Early alchemical texts, such as The Chrysopoeia of Cleopatra (2nd century) has Alexandria enclosing words "hen to pan" with the meaning "one is the all", or One Truth. Gnostic duality of existence is represented in the black and white halves of the Ouroboros. This again is featured in the film, The Never Ending Story. Here the Ouroboros could be interpreted as the Western equivalent of the Taoist symbol Yin-Yang.
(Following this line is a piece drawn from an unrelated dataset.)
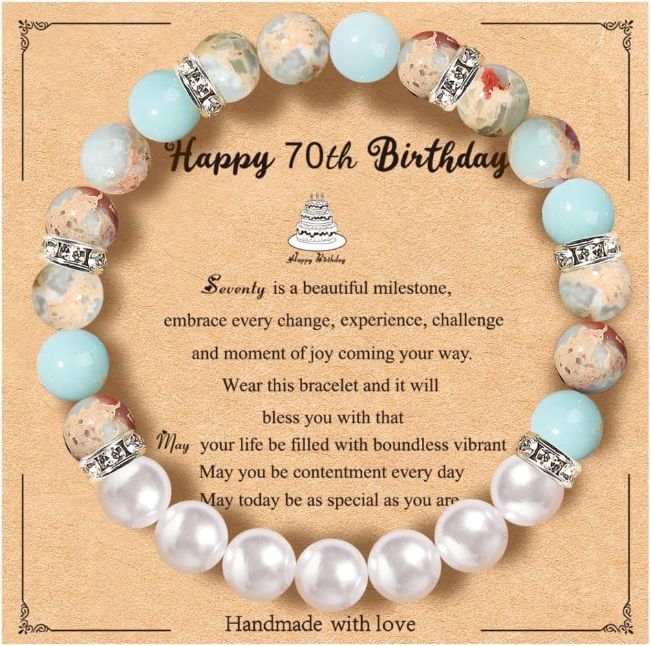 20th 30th 40th 50th 60th 70th Birthday Gifts for Women Teen Girls,Natural Stone Bracelet With Writable Greeting Cards for Friends Mom Sister Grandma Daughter Wife
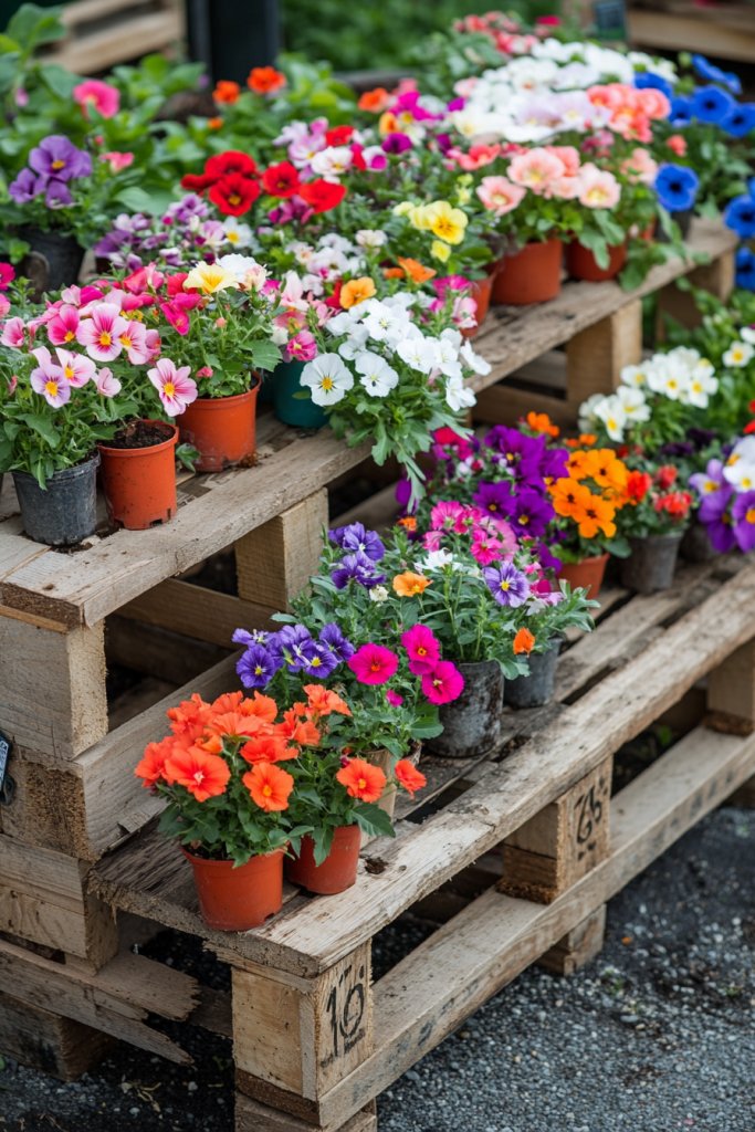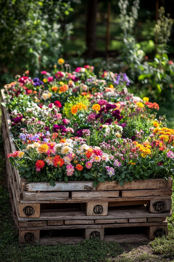Plus, it keeps soil contained and weeds at bay, making gardening more manageable. Picture a flat laid pallet, filled with rich dark soil, bursting with colorful petunias, marigolds, and daisies.

The oldest images of the Ouroboros is linked with the Chrysopoeia Ouroboros of Cleopatra, associated wtih the legendary opus of the Alchemists, the Philosopher's Stone. The symbol of eternal unity of all beings and all things in existance, as well as the cycle of birth and death from which the Alchemist seeks release and liberation through. Sir Thomas Browne, the alchemist and physician, wrote a letter to a friend. In this medical treatise, full cases of historical accounts and witty speculations sprinkled around the human condition. An excerpt:
"[...] that the first day should make the last, that the Tail of the Snake should return into its Mouth precisely at that time, and they should wind up upon the day of their Nativity, is indeed a remarkable Coincidence,"
It is possible in Browne's The Garden of Cyrus (1658) the a circular symbol of nature and Unity of the two Discources included or alluded to the Ouroboros:
"All things began in order so shall they end, so shall they begin again according to the Ordainer of Order and the mystical mathematicks of the City of Heaven."
In Freemasonry
The Freemasons displayed the ouroboros on multifarious Masonic seals, on frontispieces, and additional imagery in the 17th century.
In Haiti
Alexandre Pétion, the president of the Republic of Haiti in 1812, issued the original minted coinage featuring an image of a serpent biting its own tail (19th Century).
In Theosophy
The seal of Theosophy features the Ouroboros.
Other-Western
Folk-myths and Hindu traditions depict a snake knows as Adisesha circling the tortoise Kurma supporting eight elephants, which in turn support the world on their backs. The snake here calls itself into being, not biting its tail, instead through what literary theorists call the performative speech act. West African religions depict snakes as sacred, allowing the demi-god Aidophedo usage of the serpent image biting its own tail. The Ouroboros is incorporated into the Fon or Dahomean iconography in Yoruba imagery as Oshunmare. The belief amongst South American indigenous beings incorporate teh waters at teh edge of the world-disc with a snake, often the anaconda, which bites its own tail.
Modernity - In the NOW
August Kekulé, the organic chemist August claimed that a ring, in the shape of Oruoboros, envisioned in a dream, inspired and guided him through the discovery of the structure of benzene.